- Data segment:
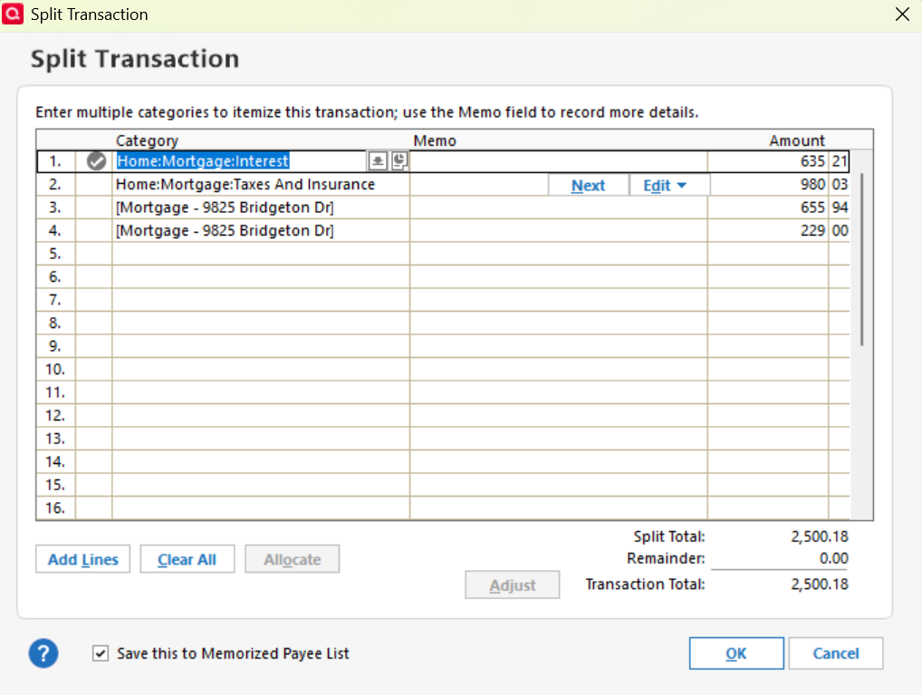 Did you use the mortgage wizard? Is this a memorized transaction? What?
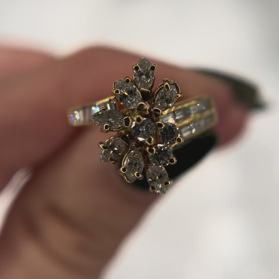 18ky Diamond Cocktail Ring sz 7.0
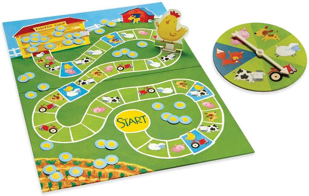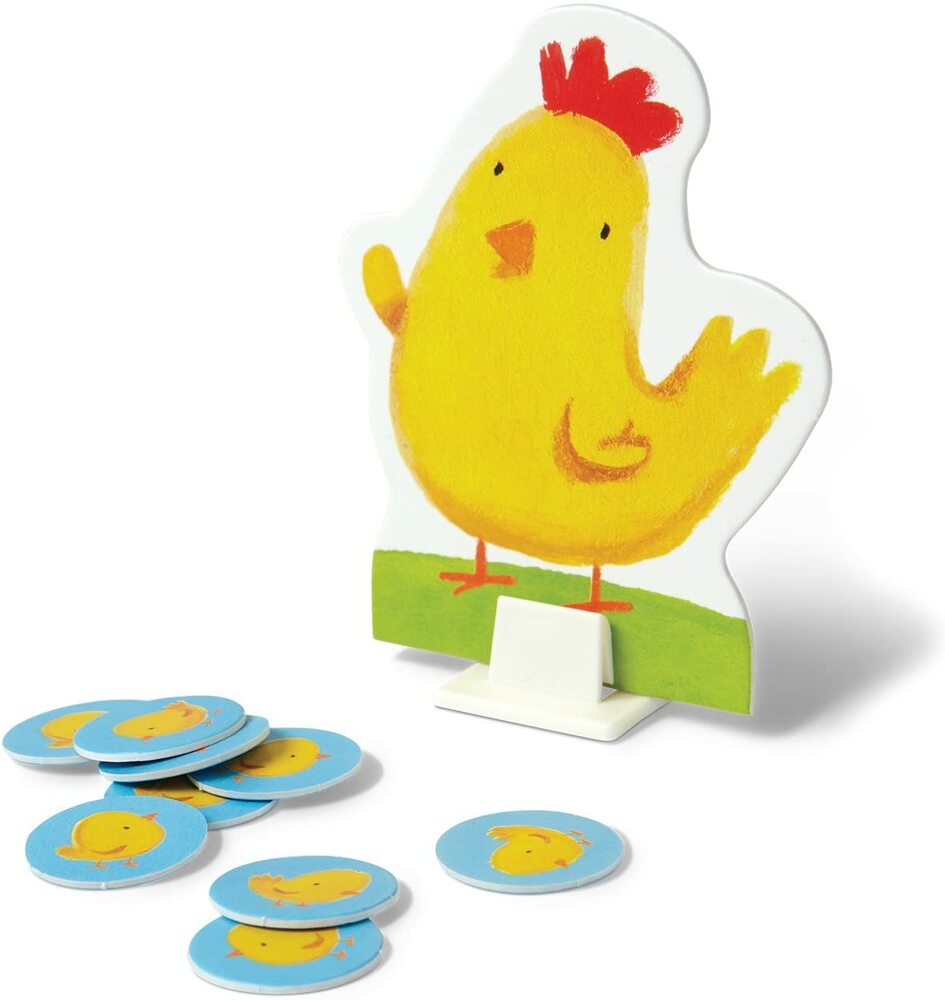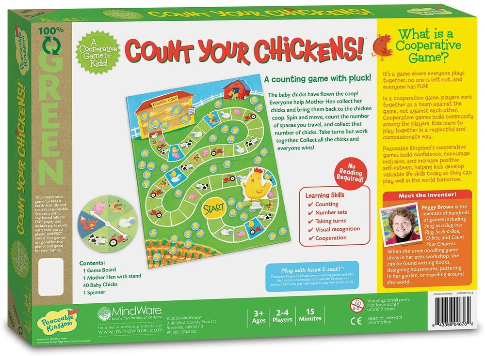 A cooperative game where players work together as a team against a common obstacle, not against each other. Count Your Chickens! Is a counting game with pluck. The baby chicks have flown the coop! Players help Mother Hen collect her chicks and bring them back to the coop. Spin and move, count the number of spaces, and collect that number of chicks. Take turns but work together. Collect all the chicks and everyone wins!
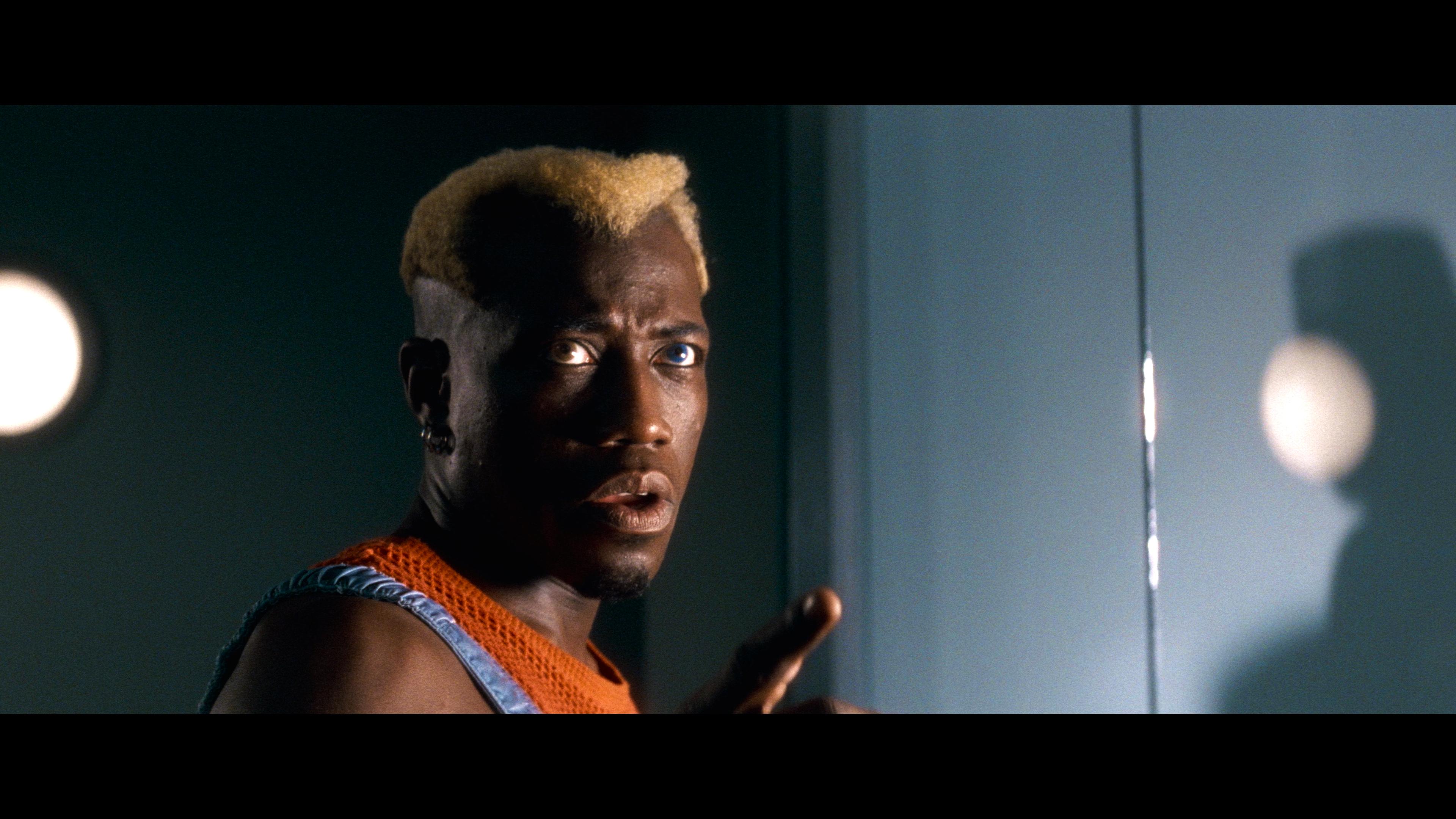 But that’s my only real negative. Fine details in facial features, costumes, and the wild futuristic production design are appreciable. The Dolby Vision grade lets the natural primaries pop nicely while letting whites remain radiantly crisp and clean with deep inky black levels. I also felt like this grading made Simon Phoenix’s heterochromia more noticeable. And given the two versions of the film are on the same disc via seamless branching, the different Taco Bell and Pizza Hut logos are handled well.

- Exercise requirements: Pictures stay out. Everything else in the listing gets printed exactly.

- Expected answer:
 Did you use the mortgage wizard? Is this a memorized transaction? What?
 18ky Diamond Cocktail Ring sz 7.0
 A cooperative game where players work together as a team against a common obstacle, not against each other. Count Your Chickens! Is a counting game with pluck. The baby chicks have flown the coop! Players help Mother Hen collect her chicks and bring them back to the coop. Spin and move, count the number of spaces, and collect that number of chicks. Take turns but work together. Collect all the chicks and everyone wins!
 But that’s my only real negative. Fine details in facial features, costumes, and the wild futuristic production design are appreciable. The Dolby Vision grade lets the natural primaries pop nicely while letting whites remain radiantly crisp and clean with deep inky black levels. I also felt like this grading made Simon Phoenix’s heterochromia more noticeable. And given the two versions of the film are on the same disc via seamless branching, the different Taco Bell and Pizza Hut logos are handled well.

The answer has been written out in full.